Observing images of so many Americans, allies and Afghans desperately struggling to get a flight to safety, makes me imagine the panic and chaos my father had to get us through to escape Saigon.
I am so incredibly thankful for him and his entrepreneurial spirit which enabled him to accumulate the means to get us out of the war zone. We would finally come to live in America.
Dad is still my hero. He was a true patriot who loved this country, went to war for his country, and came home to continue his entrepreneurial adventures, becoming a successful businessman and, with his family, living the American Dream.

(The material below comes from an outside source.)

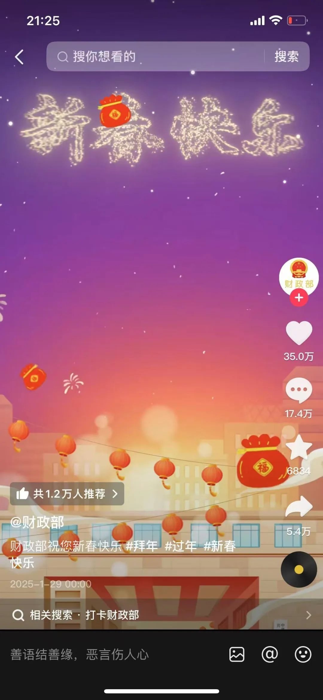 澎湃新闻记者注意到,大年初五这一天,财政部官方视频号、抖音号涌入大量网民前来打卡“许愿”。截至2日晚上9时许,财政部官方抖音号的拜年视频已经有35万次点赞,超17万条留言。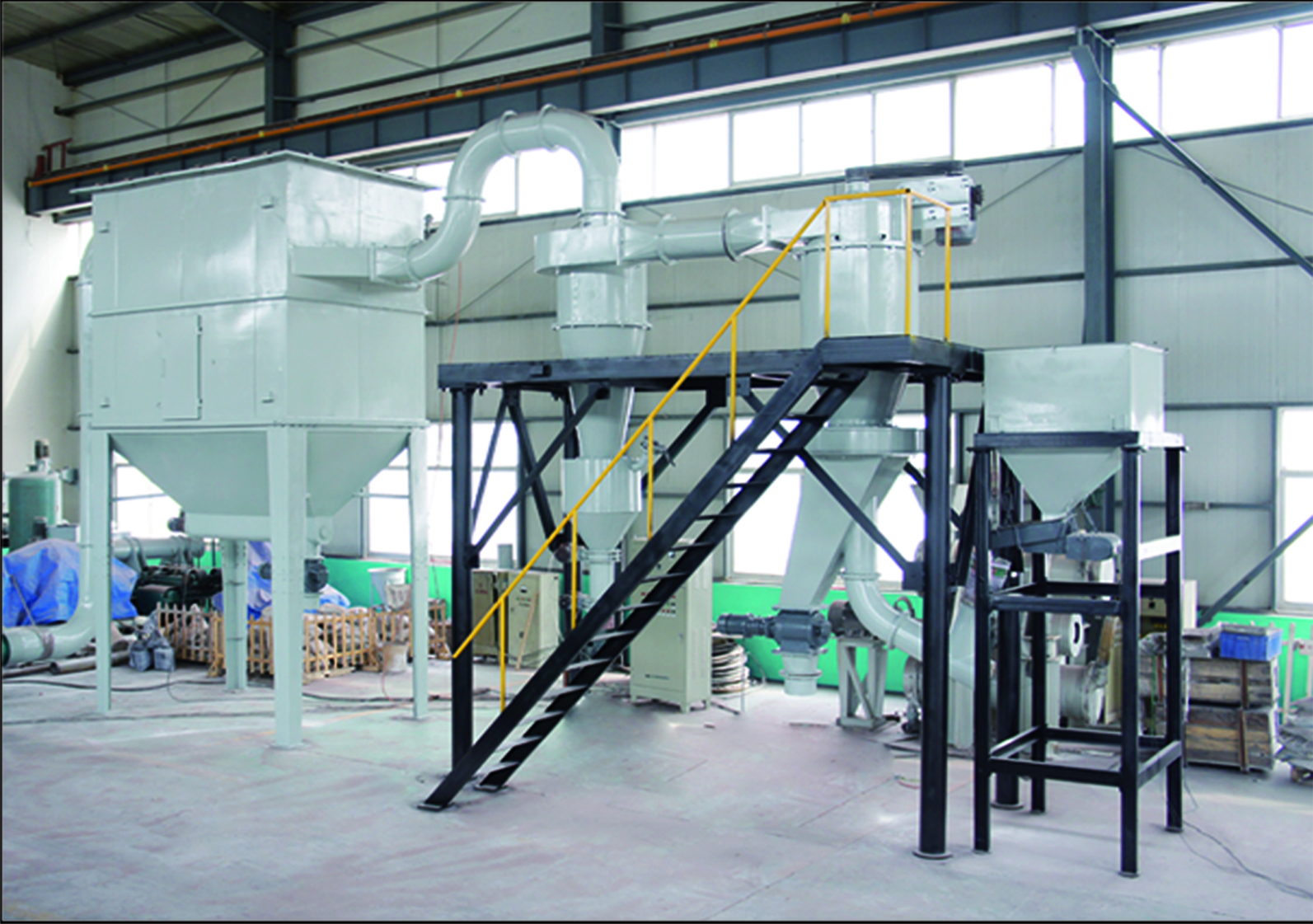 ◆ 分級產品的粒度可達D97:3~150微米,產品粒度無級可調,品種更換極其方便。

Watching events unfold in Afghanistan, I wonder what would have happened to my brother and I, two half-American children, citizens of the United States by birth, if my father had not rescued us. Would we have been imprisoned with our mother? Would we have been killed?
I have given most of my adult life to the service of my country. Like him, I am a true patriot, combat veteran and an entrepreneur chasing the American Dream. Taking pause to reflect on it all, I wonder if I’ve done enough. Have I earned the life my father gave me? As he looks down on me from heaven, am I making him proud? I hope so.
R.I.P
Michael D. Ellis
1953 – 2016
Special thanks to my Uncle Mitch, Dad’s oldest brother, for helping to ensure the recount of my father’s fight for his family’s survival was accurate. Love you, Flower Face.